THE Government's testing drive for primary school pupils may have gone too far, a leading traditionalist advocate of national curriculum tests this week conceded.

The admission from Nick Seaton, of the right-wing Campaign for Real Education, comes as the tests continue to generate controversy in this, the month of their 10th anniversary.

Over the next few weeks, hundreds of thousands of seven, 11 and 14-year-olds will be put through the testing regime. But divisions over its value remain as entrenched as ever.

Two weeks ago, The TES published results of a survey which revealed that most pupils sit more than 30 tests or teacher assessments before they reach secondary school, with the brightest taking as many as 43.

This, claims Colin Richards, professor of education at St Martin's College, Cumbria, and the survey's author, makes English children the most heavily assessed in the world.

Now Mr Seaton, though remaining a fiercely enthusiastic proponent of testing in principle, has conceded that this may be too much.

He said: "The Government may want to look at the amount of time schools are spending on tests, and the number of papers. Though I don't think pupils feel unduly pressurised, the tests are not perfect and I'm sure they could be simplified."

Mr Seaton contends though that, 10 years on, the tests have achieved their principal goal.

He said: "They provide some fairly basic information to parents, politicians and anyone who wantsto judge the performance of schools.

"They have done what was intended - to make schools and local authorities accountable to their consumers, the parents and children in schools."

Yet opponents of the tests remain just as committed as they were 10 years ago. Bethan Marshall, who led a boycott of key stage 3 English tests in the early 1990s, said: "The full extent of the damage done by the tests has been far worse than even we envisaged when we boycotted them back in 1992-3.

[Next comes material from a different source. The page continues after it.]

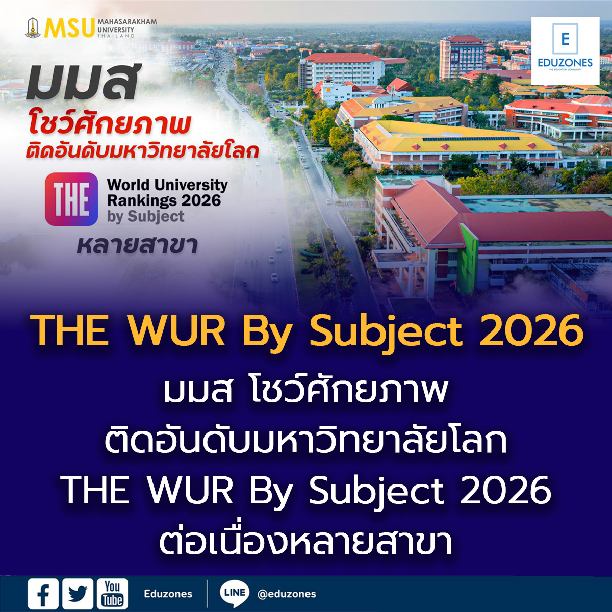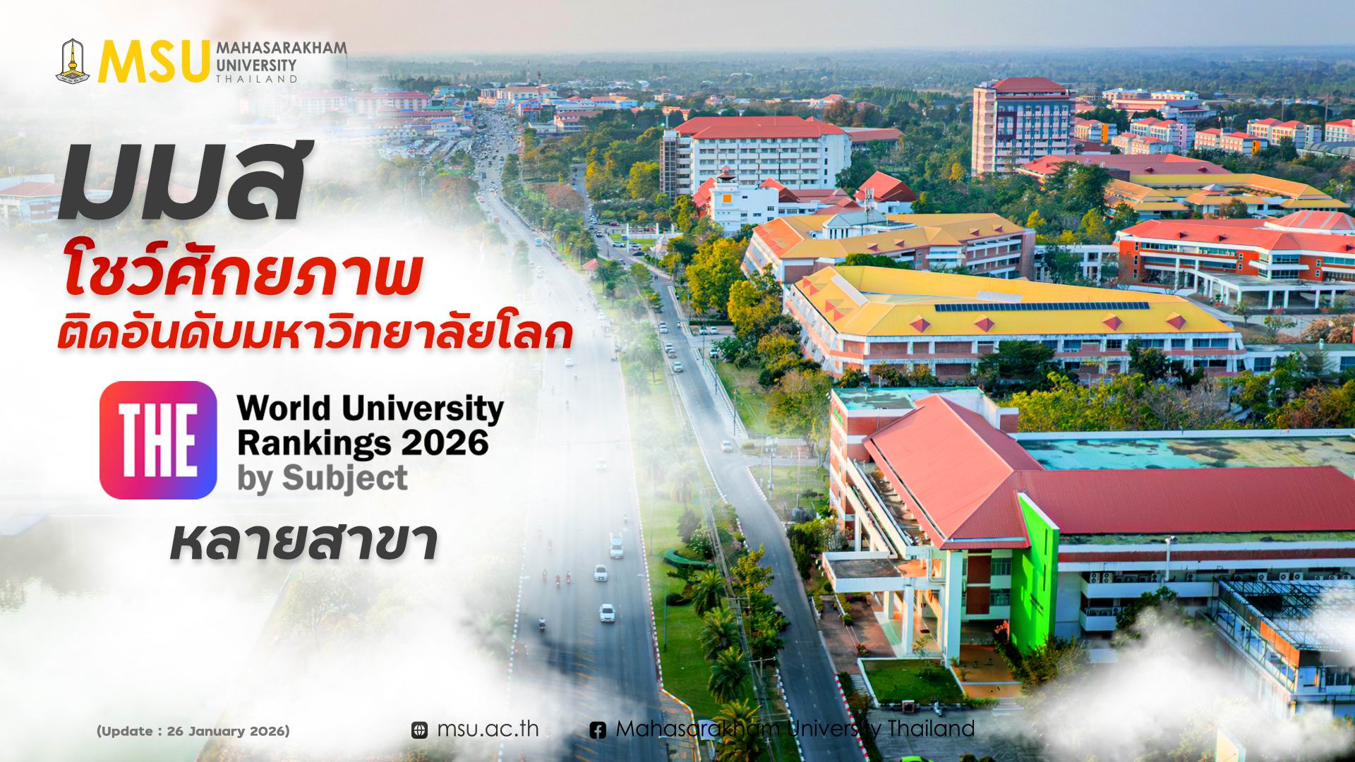 มมส โชว์ศักยภาพ ติดอันดับมหาวิทยาลัยโลก THE WUR By Subject 2026 ต่อเนื่องหลายสาขา

"For a start, we did not have primary league tables back then. When Labour came to power, it not only continued with the tables but set its own targets for the numbers of kids hitting expected levels in key stage 2 tests.

"It has ratcheted up the stress levels in the system, using children's achievements as the means by which success is judged."

John Bangs, head of education at the National Union of Teachers, is concerned that whereas the Government and the Office for Standards in Education have recognised the pressures inspections place on schools, there had been no acceptance of teachers' unhappiness with the tests.

He said: "I think the Government has taken away from teachers any sense of ownership in testing and assessment. Teachers see them as a chore, and they do not like league tables, which are only used for invidious comparisons between schools.

"Just as the Government has given a green light to a review of OFSTED and accepted the principle of school self-evaluation, so it should accept the need for change on the tests. Certainly it should get rid of the utter anachronism of league tables."